Le statut de Jérusalem ne peut être résolu que par une «négociation directe» entre Israéliens et Palestiniens, a déclaré le secrétaire général de l’ONU Antonio Guterres, en rappelant avoir toujours été «contre toute mesure unilatérale». «Il n’y a pas d’alternative à la solution de deux États» avec «Jérusalem comme capitale d’Israël et de la Palestine».

 

L’UE «exprime sa sérieuse préoccupation»

«L’Union européenne exprime sa sérieuse préoccupation à propos de l’annonce aujourd’hui du président des États-Unis Trump sur Jérusalem et les répercussions que cela peut avoir sur la perspective de paix», a affirmé la cheffe de la diplomatie européenne Federica Mogherini dans un communiqué.

 

France: «regrettable»

Le président français Emmanuel Macron a jugé «regrettable» la décision de Donald Trump de reconnaître Jérusalem capitale de l’État d’Israël et appelé à «éviter à tout prix les violences».

Lors d’une conférence de presse à Alger, il a rappelé «l’attachement de la France et de l’Europe à la solution de deux États, Israël et la Palestine vivant côte à côte en paix et en sécurité dans des frontières internationalement reconnues avec Jérusalem comme capitale des deux États».

 

L’Allemagne «ne soutient pas cette position»

Le gouvernement allemand «ne soutient pas cette position car le statut de Jérusalem ne peut être négocier que dans le cadre d’une solution de deux États», a déclaré la chancelière Angela Merkel, citée dans un tweet de son porte-parole Steffen Seibert.

 

Le Royaume-Uni «pas d’accord»

«Nous ne sommes pas d’accord avec la décision américaine de transférer son ambassade à Jérusalem et de reconnaître Jérusalem comme la capitale israélienne avant un accord final sur son statut», a déclaré la Première ministre britannique Theresa May dans un communiqué, estimant que cette décision n’était «d’aucune aide» pour les perspectives de paix dans la région.

 

Italie: le statut de Jérusalem doit être «défini dans le cadre d’un processus de paix»

«Jérusalem ville sainte, unique au monde. Son futur doit être défini dans le cadre d’un processus de paix basé sur les deux États, Israël et Palestine», a réagi sur Twitter du chef du gouvernement italien Paolo Gentiloni.

 

Le Canada appelle «au calme»

Le gouvernement canadien, «allié indéfectible de l’État d’Israël», appelle l’ensemble des protagonistes au «calme» et fera son possible pour «soutenir la création de conditions nécessaires pour que les parties puissent trouver une solution», a affirmé la ministre des Affaires étrangères Chrystia Freeland.

 

Jordanie: «une violation du droit international»

«La décision du président américain de reconnaître Jérusalem comme capitale d’Israël, et le transfert de l’ambassade des États-Unis vers cette ville, constitue une violation des décisions du droit international et de la charte des Nations unies», a estimé le porte-parole du gouvernement jordanien, Mohammed Moumenié.

 

Turquie: «irresponsable»

«Nous condamnons la déclaration irresponsable de l’administration américaine (...) cette décision est contraire au droit international et aux résolutions de l’ONU», a réagi le ministre turc des Affaires étrangères Mevlut Cavusoglu sur Twitter.

 

La Tunisie «profondément préoccupée»

Dans un communiqué, le ministère des Affaires étrangères affirme que la Tunisie est «profondément préoccupée» et dénonce «une atteinte primordiale au statut juridique et historique de la ville et une violation des décisions de l’ ONU». «Cette décision pousse à plus de tensions et représente une provocation pour les sentiments des arabes et des musulmans».

 

La Syrie soutient «ceux qui sont loyaux à la cause palestinienne»

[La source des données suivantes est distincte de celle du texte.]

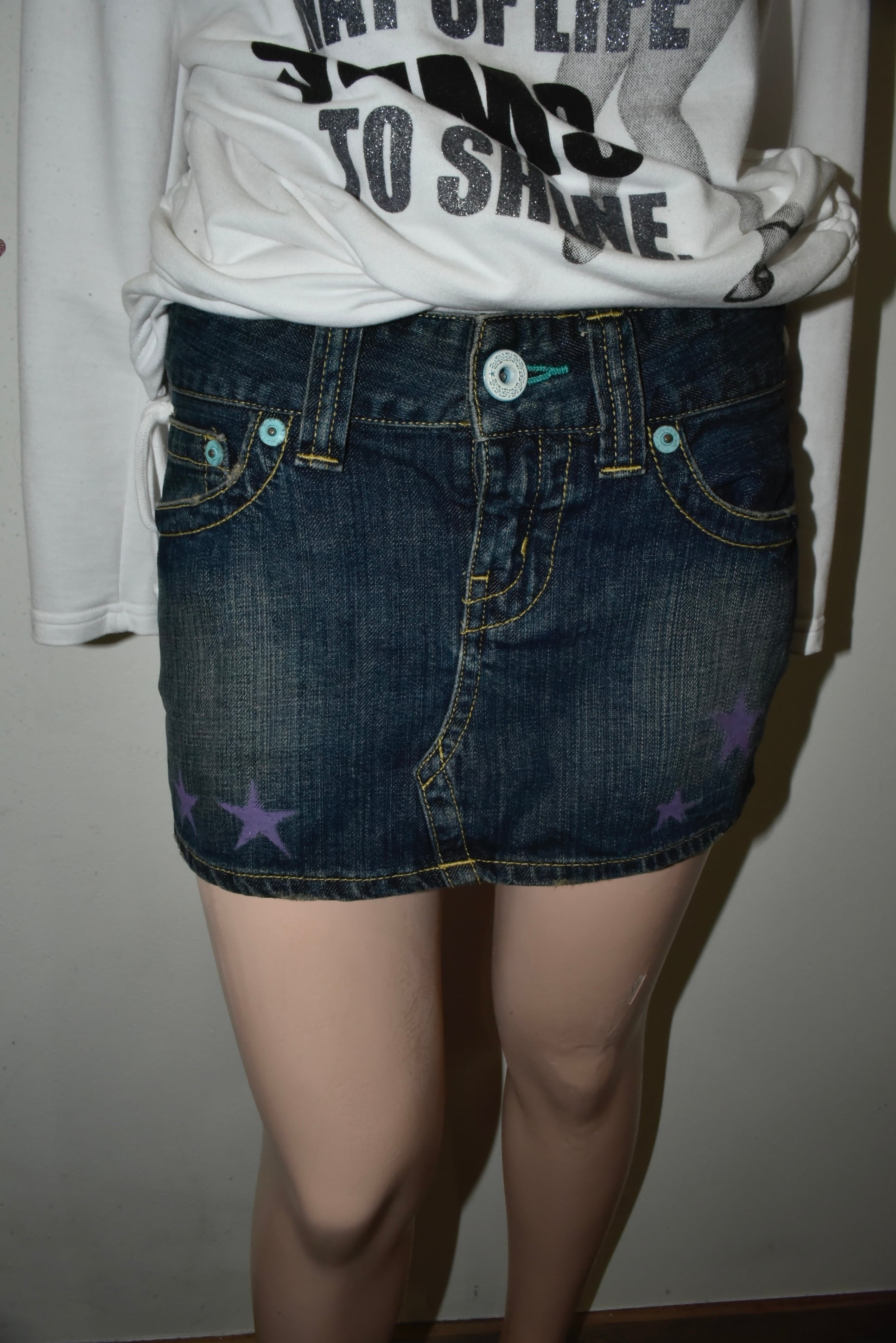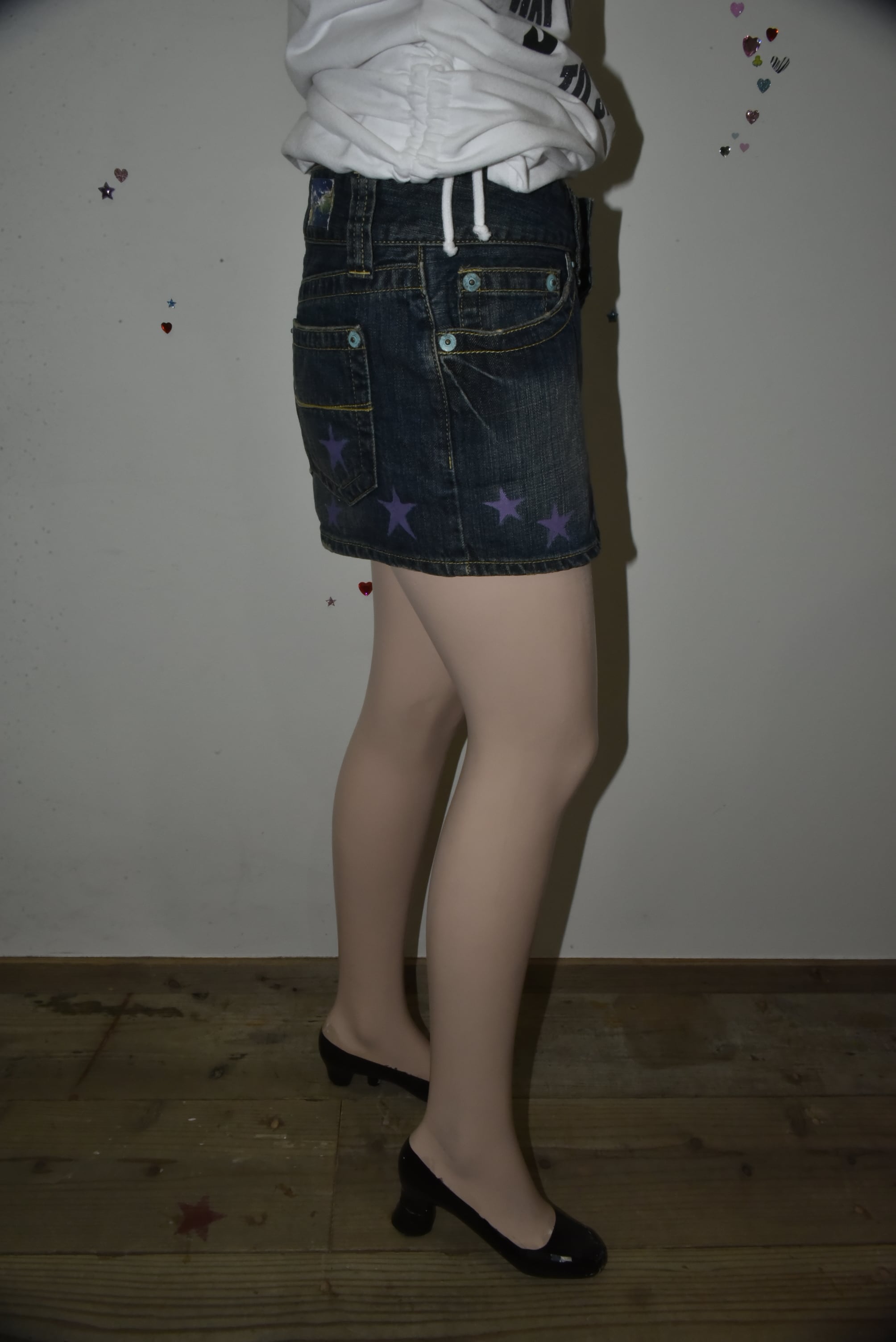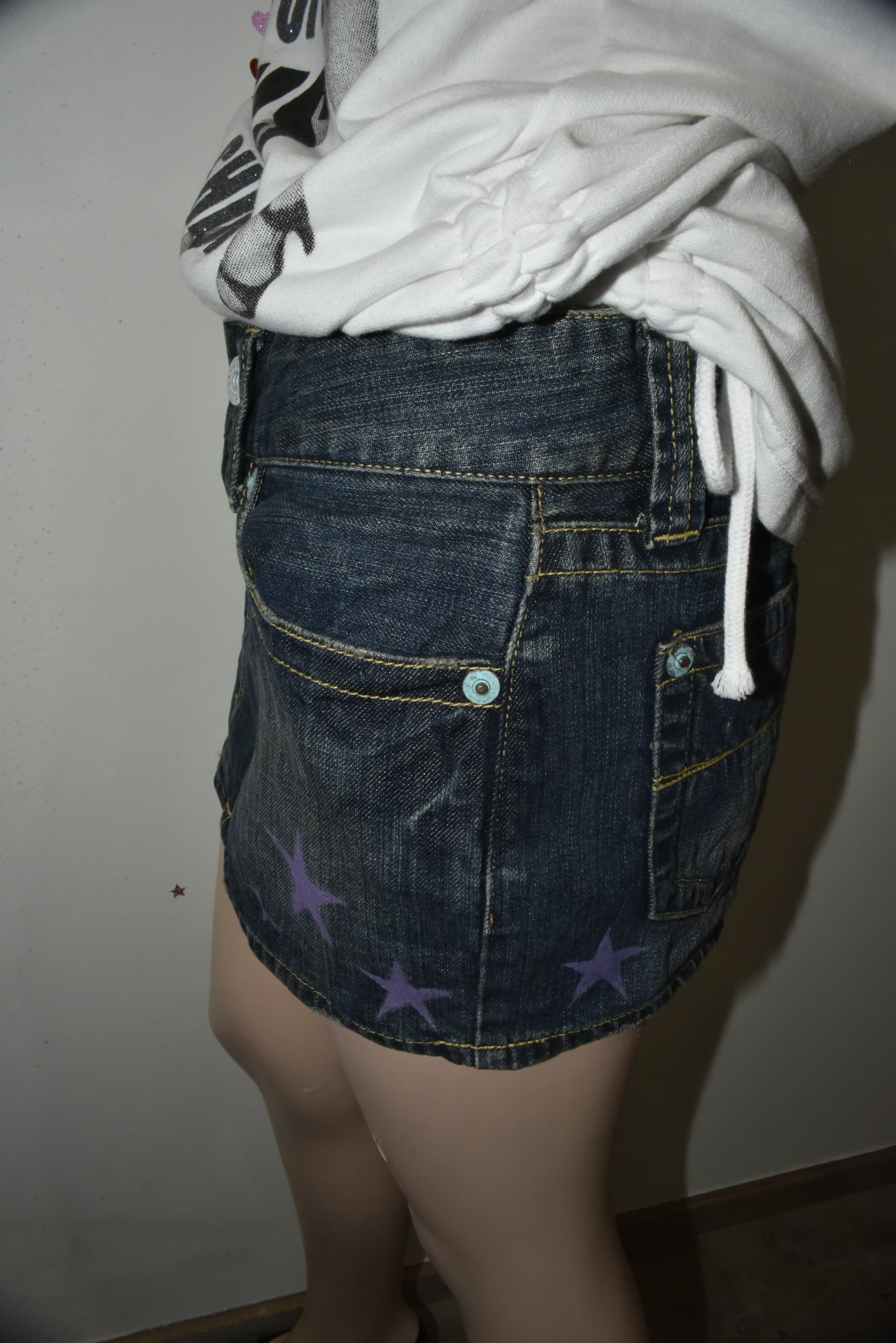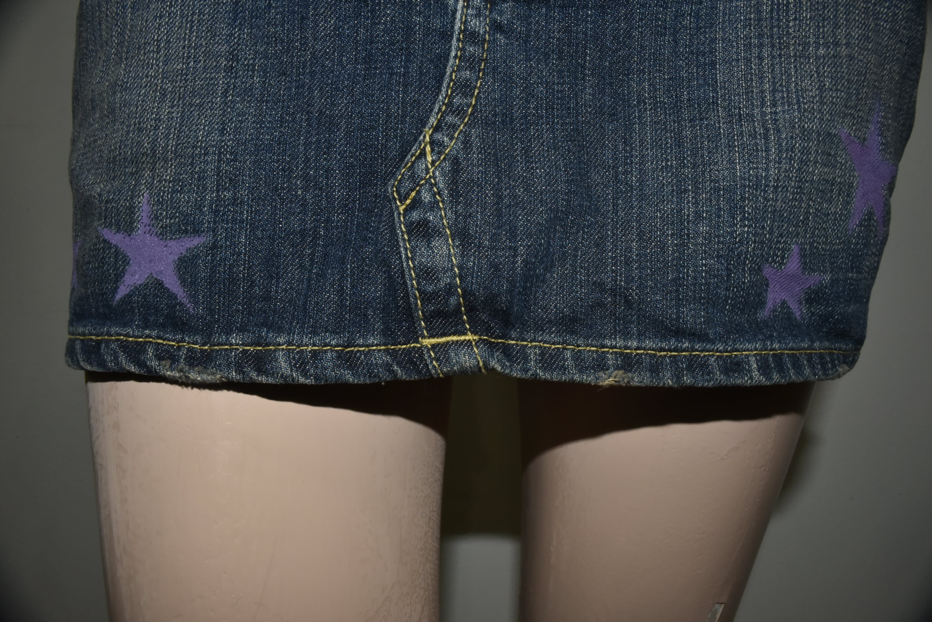 NETSU − Purple Star Painted Denim Mini Skirt
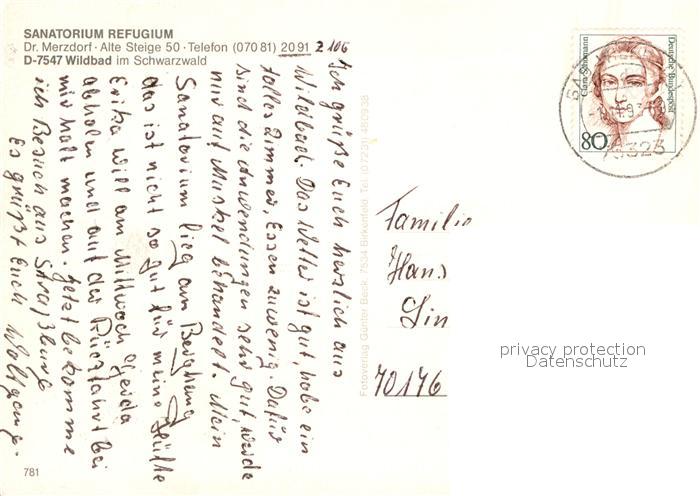 72940114 alte Postkarte Wildbad Schwarzwald Sanatorium Refugium postalisch gelaufen Erhaltung siehe scans [KathaD81] KatCode: 11110008235079
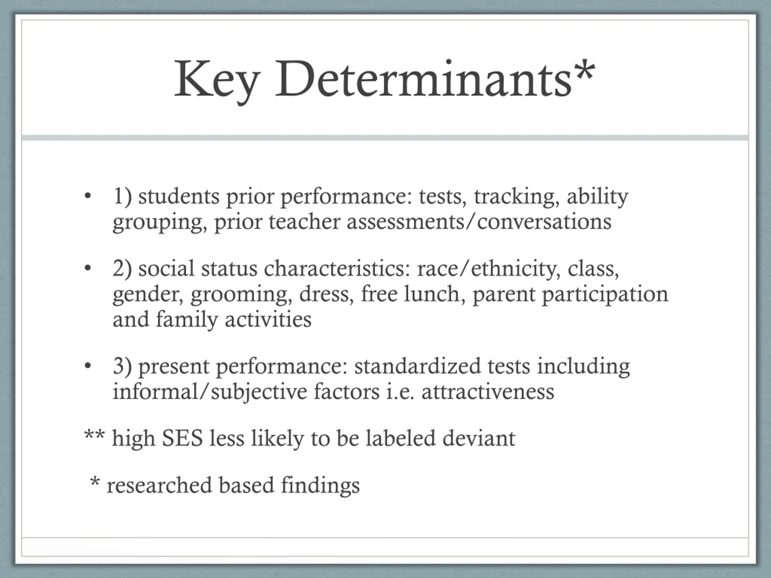 Key Determinants* 1) students prior performance: tests, tracking, ability grouping, prior teacher assessments/conversations 2) social status characteristics: race/ethnicity, class, gender, grooming, dress, free lunch, parent participation and family activities 3) present performance: standardized tests including informal/subjective factors i.e. attractiveness ** high SES less likely to be labeled deviant * researched based findings
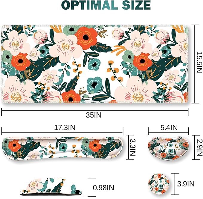 - 【4-in-1 Mouse Pad Set】Ergonomic mouse pad includes desk pad (35x15.5inch), keyboard wrist rest(17.3x3.3inch), mouse wrist rest(5.4x2.9inch), cup coaster(3.9x3.9inch).No need to buy separately, at a super cost-effective price. This desk pad for keyboard and mouse, is large enough to fit your mouse, gaming keyboard, and other desk items. Keep a clean, uncluttered desk. This helps to improve the gaming experience or work efficiency in the office.
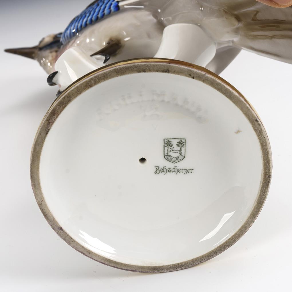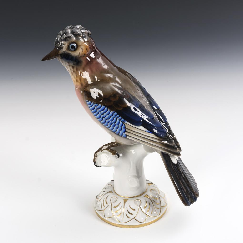 Auf einem hohen Astsockel sitzender Eichelhäher, blattreliefierter Rundfuß. Schnabel restauriert.
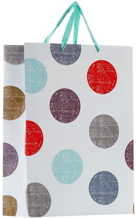 - torba prezentowa - wzór: koła - kolorystyka: niebieska w kolorowe koła - wymiary: 42 x 31 x 12 cm
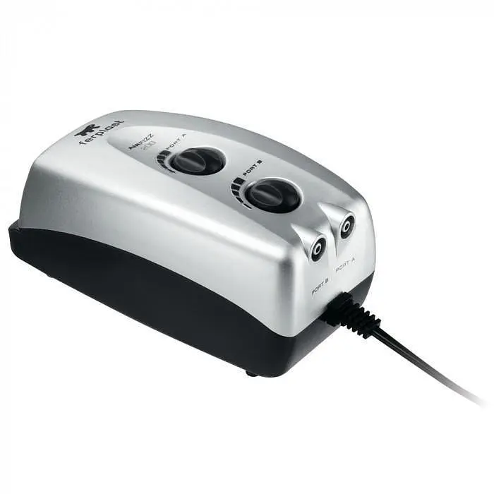 Airfizz — безшумний компресор для акваріумів з регульованим потоком води. У комплекті ви знайдете силіконовий шланг (2 м) і зворотний клапан. Airfizz кріпиться до стінки завдяки отвору; може бути розміщений у різному положенні, вище або нижче рівня води. Доступні чотири моделі з одним або двома вихідними патрубками: 1 вихідний патрубок для моделей Airfizz 50 і 100, два вихідні патрубки для моделей Airfizz 200 і 400. Гумові ніжки на основі сприяють зменшенню вібрації. У комплекті з компресором Airfizz ми рекомендуємо вам використовувати розпилювачі air stones від компанії Ferplast: їх легко встановити на вихідні патрубки.
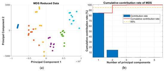 (a) First and second component scores after MDS dimensionality reduction; (b) cumulative contribution rate after MDS dimensionality reduction.

La présidence syrienne, sur page officielle Facebook, estime que «l’avenir de Jérusalem n’est pas déterminé par un État ou un président mais par son histoire, sa volonté et la détermination de ceux qui sont loyaux à la cause palestinienne».

 

Le Liban «rejette et denonce cette décision»

Le Premier ministre libanais Rafic Hariri «rejette et dénonce cette décision et annonce aujourd’hui sa plus totale solidarité avec le peuple palestinien».